Later in the year, a Spanish Flu epidemic hits the planet and
runs until you are 20. Fifty million people die from it in those two years.
Yes, 50 million.
When you're
29, the Great Depression begins. Unemployment hits 25%, global GDP drops 27%.
That runs until you are 33. The country nearly collapses along with the world
economy. When you turn 39, World War II starts. You aren’t even over the hill
yet.
When you're
41, the United States is fully pulled into WWII. Between your 39th and 45th
birthday, 75 million people perish in the war and the Holocaust kills six
million.
At 52, the Korean War starts, and five million perish.
Approaching
your 62nd birthday you have the Cuban Missile Crisis, a tipping point in the
Cold War. Life on our planet, as we know it, could well have ended. Great
leaders prevented that from happening.
At 64 the
Vietnam War begins, and it doesn’t end for many years. Four million people die
in that conflict.
As you turn
75, the Vietnam War finally ends. Think of everyone on the planet born in 1900.

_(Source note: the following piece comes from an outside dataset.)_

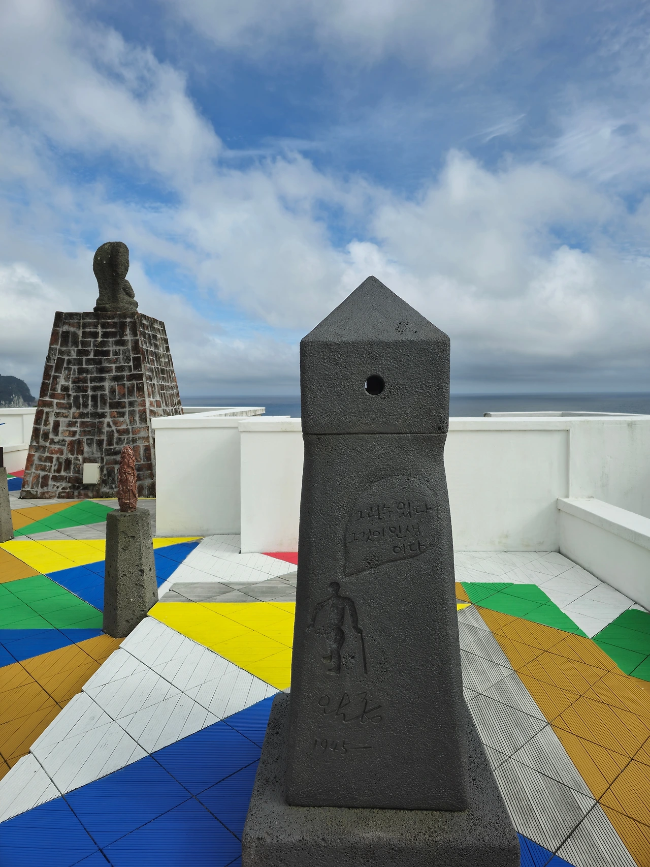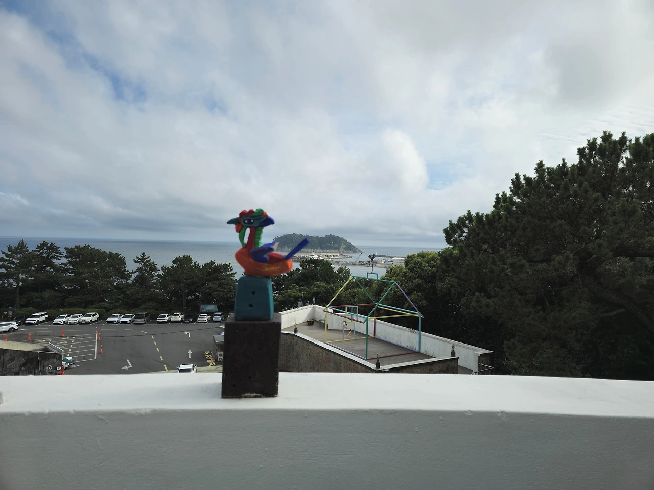 옥상으로도 올라갈 수 있었는데, 올라가 보니 여러 조각품들과 함께 제주도의 남쪽 푸른 바다와 섶섬, 문섬 , 새섬 및 한라산 정상 등을 파노라마로 느낄 수 있었다. 그곳에 가보니, 예술혼이 조금은 불타오르는 느낌이 들었다.

How do you survive all of that? A kid in 1985 didn’t think their 85-year-old
grandparent understood how hard school was. Yet those grandparents (and now
great grandparents) survived through everything listed above.
Perspective
is an amazing art. Let’s try and keep things in perspective. Let’s be smart,
help each other out, and we will get through all of this. In the history of the
world, there has never been a storm that lasted. This too shall pass. - Author
Unknown
What was your reaction when you read this? Did you know any brave people who experienced and survived such a large section of the 20th century?
My grandparents were part of all above. I did not ask them enough questions.